Why is your friend refusing help? Is she saying she'd rather dump Ally off at the shelter than give her away to you? Why is she dumping Ally? Does she still have the Chow mix? But really, that is just so _absurd_

My friend said that the last time she checked, Remy was being cared for at a firehouse. She doesn't see him at all or anything anymore. He was a 5 year old English Spring Spaniel (I THINK... I only saw one picture of him). 

Feeding time?!? That's so terrible! Eck. 
I never see any dogs running about here, there are like, zero strays. Except for the time I saw 2 dogs wandering about. My mom and I were driving home and on our driveway were two dogs, a golden and black lab.
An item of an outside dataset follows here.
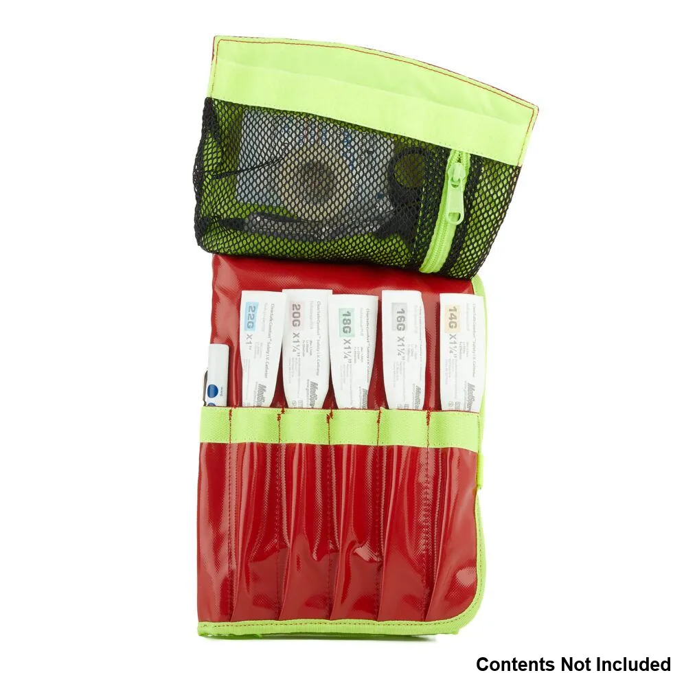 The StatPacks G3+ First Aid Circulatory Kit features a foam lined, roll style design helps keep IV therapies organised and at your fingertips. Drip sets, IV bag(s), catheters, needles and Start Kits™ are neatly arranged for fast access. It doubles as a pressure bag for rapid fluid infusion. Holds everything you need for a quick IV setup in one convenient kit. The I.V. Kit makes it easy to share on multi victim accident scenes. This is a perfect accessory EMS I.V. bag for any StatPacks® main packs.

I got out to lead them away, and they didn't look like they were going anywhere. Neither of them had a collar, but from the way their neck fur was matted, I knew they had one before. They both looked really tired and a tiny bit on the skinny side, but hard to tell. The black lab looked really sad, but the golden lab was happy to play with me. He also jumped on people a lot, and my sister got scared, but I thought they were both so sweet... unfortunately, when I went inside to get them water (my mom wouldn't let them in the house), both were gone. Never knew what happened to them, but I like to think they found their way back home <3

Friend #3 is really big on rescuing and adoption. He also has 2 rats he adopted, but they died last year a few months apart  Pudding is backyard bred. Pudding's owner had a friend who's beagle had puppies, and they were going to go to a shelter, so she decided to take one for free. 
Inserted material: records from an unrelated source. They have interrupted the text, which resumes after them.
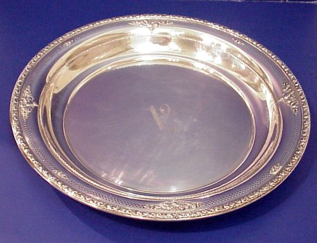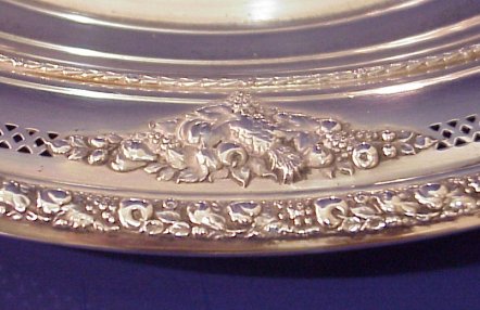 LARGE WALLACE STERLING LOW BOWL: Reticulated and repousse border, 13 3/4'' dia. Monogrammed V. Wallace Sterling 3940-9. Approx. 20.82 oz.
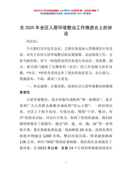/ 在2025年全区人居环境整治工作推进会上的讲话
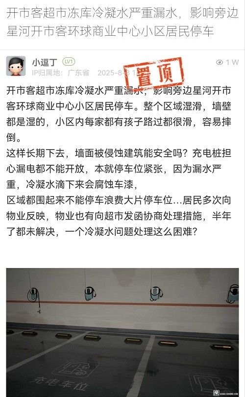 24. 帖文《開市客超市凍庫(kù)冷凝水嚴(yán)重漏水,影響旁邊星河開市客環(huán)球商業(yè)中心小區(qū)居民停車》

Speaking of irresponsible dog owners... I was just talking to someone an hour ago who had a Pekingnese. I thought he was adorable and stopped to talk to her and ask about her dog. APPARENTLY she is looking for a bitch to breed him with. OMG. But she started saying how he was nasty to girl dogs, so I was thinking "well, good for him!"

Oh, oh, oh, and I just realized this couple with a German shepherd lives nearby. I was on my way to the bus stop last week, and an elderly couple walking a gorgeous German shepherd went past and I said "hi". It was an aging German shepherd, but still very regal looking. A red and black, I think, but I couldn't tell, since it was dark outside.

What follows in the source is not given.